Hong Kong’s Hang Seng index swung from a loss to close up 0.9 per cent following the announcement, while China’s CSI 300 index of Shanghai and Shenzhen-listed stocks gained 1 per cent.

“The bright spot for the global economy is China ,” said Mary Nicola, a multi-asset portfolio manager at PineBridge Investments.

Tuesday’s equity market moves came shortly before the quarter-end, a time when fund managers typically rebalance their portfolios — a process that can contribute to asset price swings.

“The market is interpreting weak activity data as a sign that central banks will be less hawkish,” said James Ashley, head of international market strategy at Goldman Sachs Asset Management. “Even though the economy is slowing, it alleviates fears of higher interest rates.”

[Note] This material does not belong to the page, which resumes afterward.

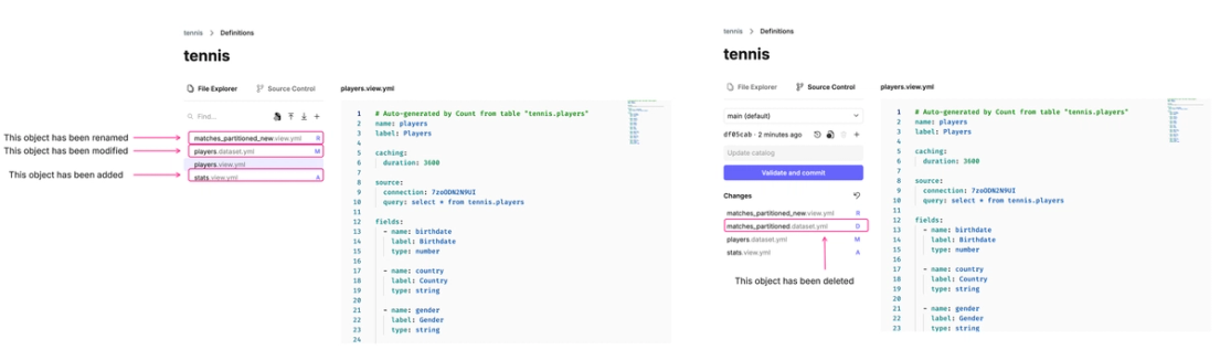 After building and customizing your views and datasets in the catalog, it's essential to commit changes to ensure everything is up-to-date. Committing changes makes sure your updates are reflected in the catalog and available for use in the canvas.

“I’m a bit concerned the market is underplaying the significance of inflation numbers to central banks . . . inflation is the dominant concern,” he added.

In government debt markets, the yield on the 10-year German Bund, a benchmark for eurozone borrowing costs, rose 0.08 percentage points to 1.62 per cent, reflecting a drop in the debt instrument’s price.

Speaking at the European Central Bank’s annual forum in Portugal on Tuesday, the bank’s president Christine Lagarde said it would act in a “determined and sustained manner” to tackle inflation pressures. The ECB has indicated it could go further in September, as it moves to curb inflation, which hit 8.1 per cent in the eurozone in May.

The yield on the 10-year US Treasury note fell 0.02 percentage points to 3.18 per cent alongside the stock sell-off.

In commodities markets, Brent crude continued to rise in price after the G7 indicated that it was ready to explore caps on energy costs to limit Russian revenues. The international oil benchmark rose 2.5 per cent to $117.98 a barrel.